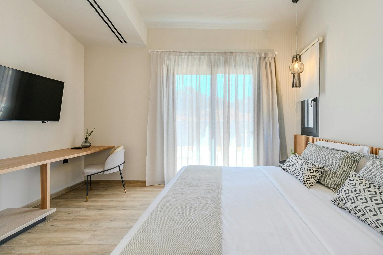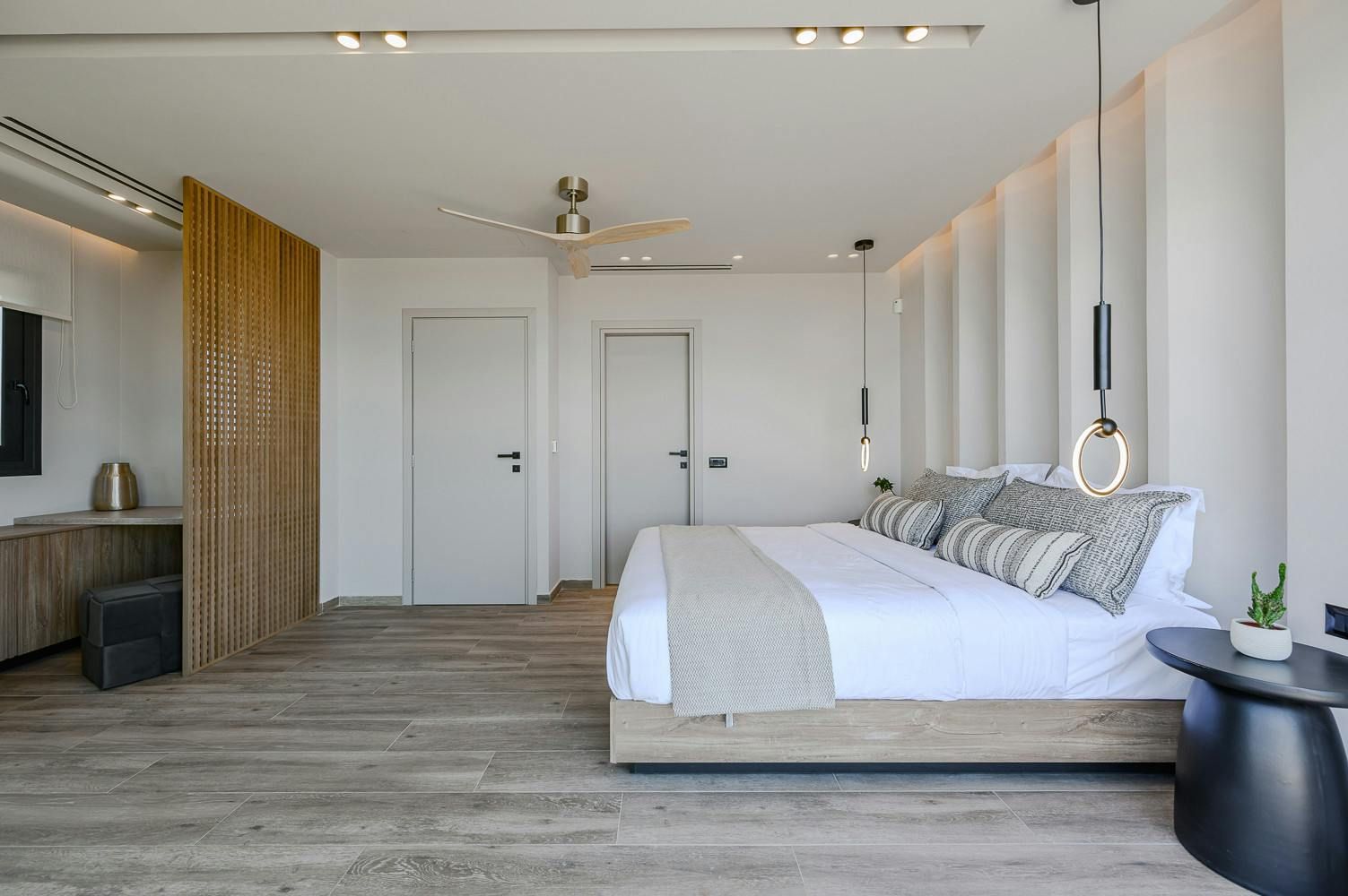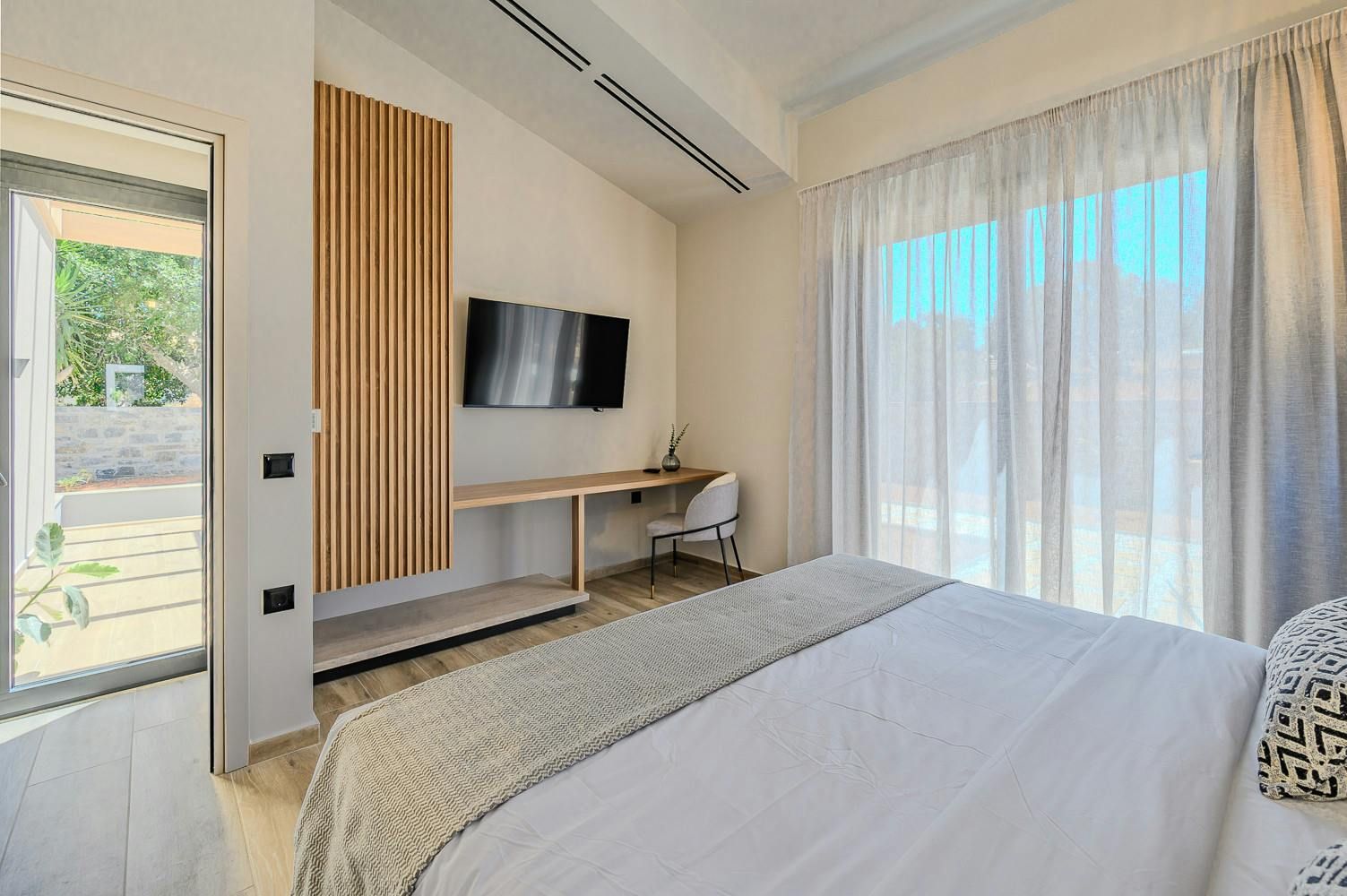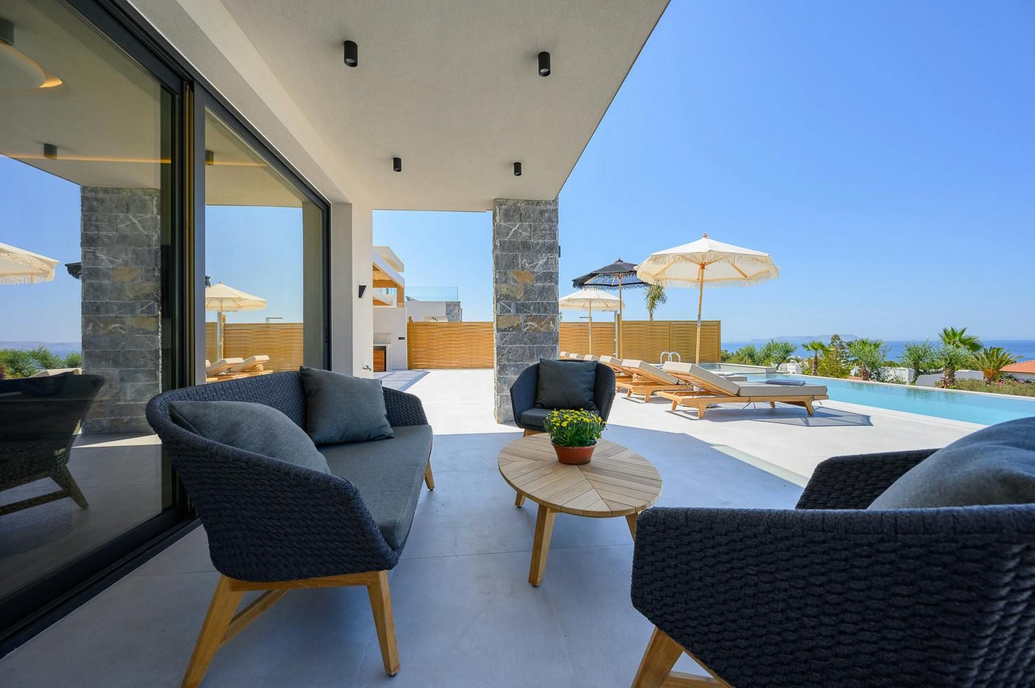 Thanks to its hillside position, this modern villa boasts knockout views of the Sea of Crete. Choose to savour the vistas from the dining terrace or perhaps from the comfort of a poolside lounger. When dusk falls, we recommend heading up to the main bedroom’s private balcony with a chilled glass of raki in hand. In terms of what’s on your doorstep, there’s a restaurant just a five-minute walk away, and Anissaras Main Beach is one kilometre down the road. While walkable, it's more comfortable to drive or take a taxi, especially in the height of summer.
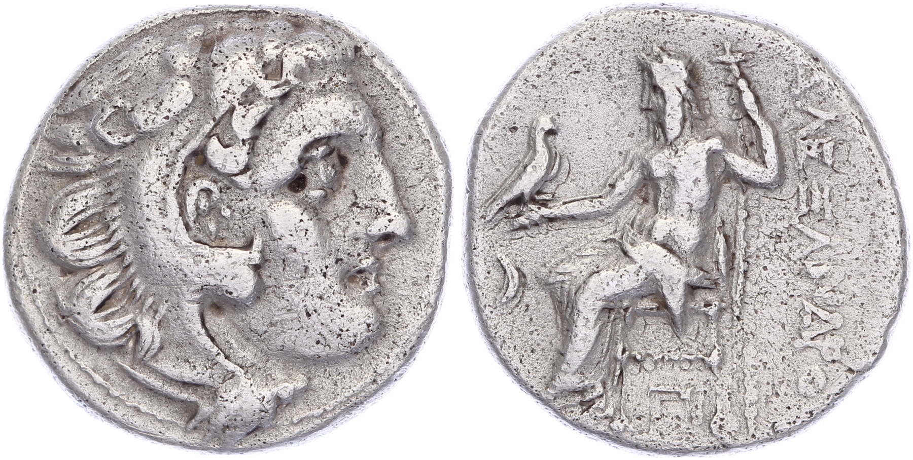 AR Drachm [17,13 mm; 4,23 gm]. Kolophon mint. Struck under Antigonos Monopthalmos, 310-301 BC. Head of Herakles right, wearing lion skin. Rev.: ΑΛΕΞΑΝΔΡΟ[Υ], Zeus Aëtophoros seated left; crescent in left field, Π below throne. Price 1813. Light die shift, porosity, toned nice VF.
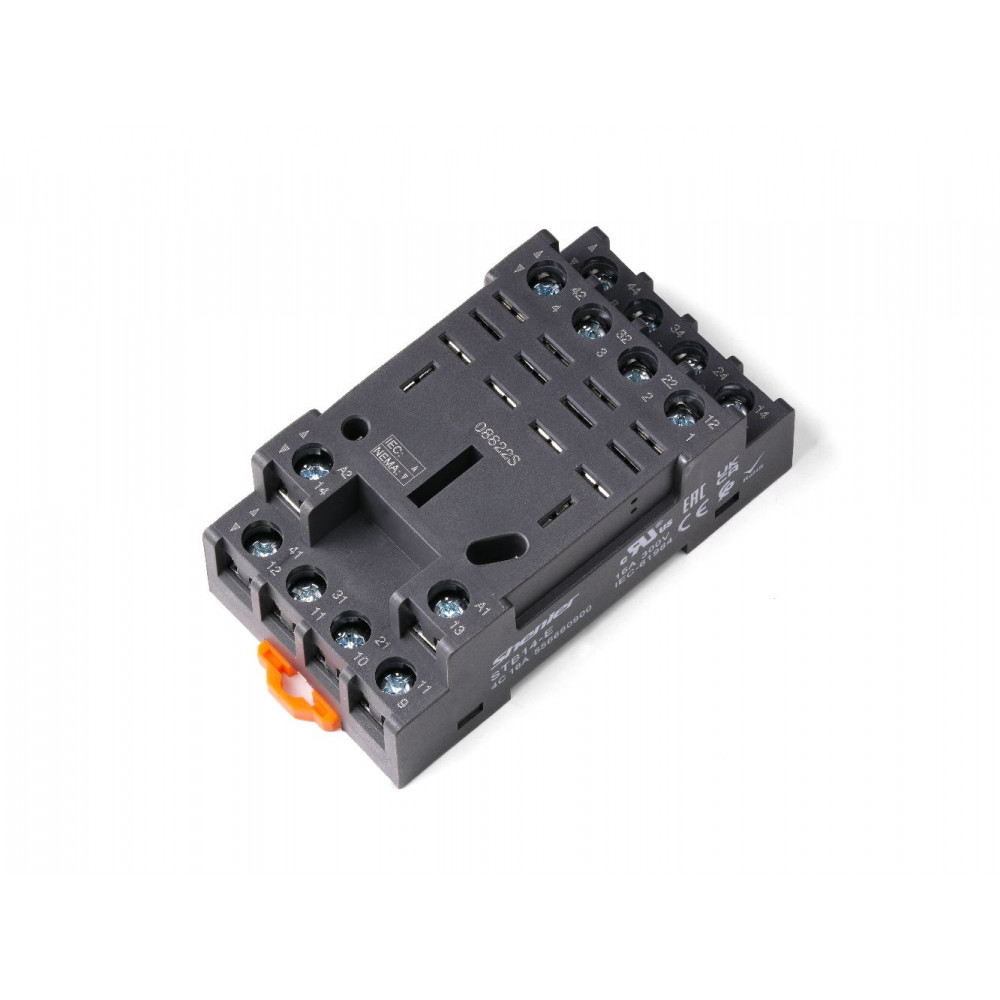Колодка для реле, 4 группы переключающих контактов, винтовая фиксация провода, монтаж на DIN рейку, 300V, 16A, для реле серий: RKL, с возможностью установки (поставляется отдельно): металл. фикс. ST36M4C, модуль AMD
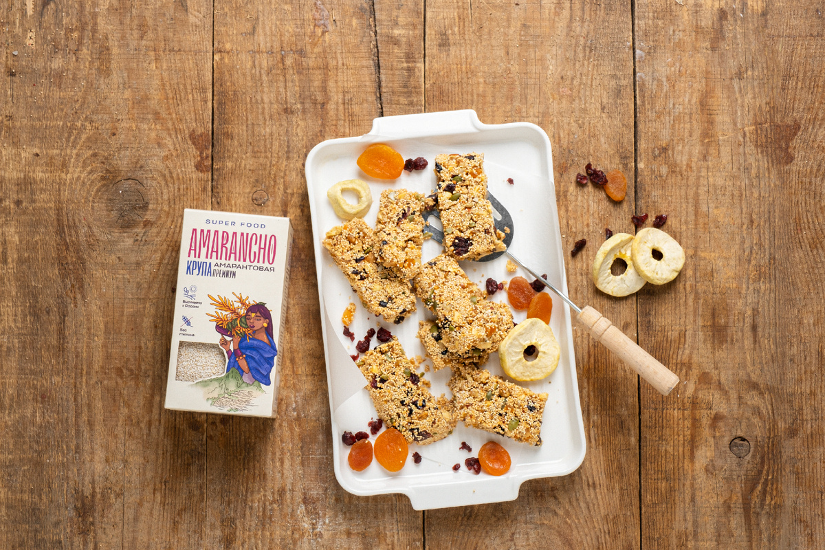 10–12 штук 20 мин + 2 ч 260 г крупы амаранта Amarancho 100 г сухофруктов (сушёная клюква, курага, финики, чернослив) 60 г грецких орехов 60 г мёда 120 г арахисовой пасты 40 г тыквенных семечек 20 г сушёных яблок 1 ч. л. ванильного экстракта 1. Грецкие орехи и тыквенные семечки порубите ножом. Смешайте амарантовую крупу, орехи, тыквенные семечки и семена чиа. 2. Курагу и чернослив нарежьте небольшими кусочками, сушёные яблоки поломайте. Финики пробейте в блендере до пастообразного состояния. Добавьте сухофрукты к амарантовой смеси. 3. Арахисовую пасту растопите в микроволновке, 20–30 сек. Добавьте финиковый сироп, ванильный экстракт и перемешайте. Залейте полученной смесью амарант и хорошо перемешайте, пока тесто не сформируется в плотную массу. 4. Прямоугольную форму для выпечки полностью застелите пергаментной бумагой и выложите смесь для батончиков ровным слоем, плотно утрамбовывая. Уберите в холодильник на сутки, затем разрежьте на порционные батончики.
◇ ◇ ◇ ◇ ◇
■ **WHAT THE TASK ASKS**:
Print each line of the listing, starting at its first and ending with the line that holds "AR Drachm [17,13", but skip any pictures.

■ **WRITTEN RESPONSE**:
 Thanks to its hillside position, this modern villa boasts knockout views of the Sea of Crete. Choose to savour the vistas from the dining terrace or perhaps from the comfort of a poolside lounger. When dusk falls, we recommend heading up to the main bedroom’s private balcony with a chilled glass of raki in hand. In terms of what’s on your doorstep, there’s a restaurant just a five-minute walk away, and Anissaras Main Beach is one kilometre down the road. While walkable, it's more comfortable to drive or take a taxi, especially in the height of summer.
 AR Drachm [17,13 mm; 4,23 gm]. Kolophon mint. Struck under Antigonos Monopthalmos, 310-301 BC. Head of Herakles right, wearing lion skin. Rev.: ΑΛΕΞΑΝΔΡΟ[Υ], Zeus Aëtophoros seated left; crescent in left field, Π below throne. Price 1813. Light die shift, porosity, toned nice VF.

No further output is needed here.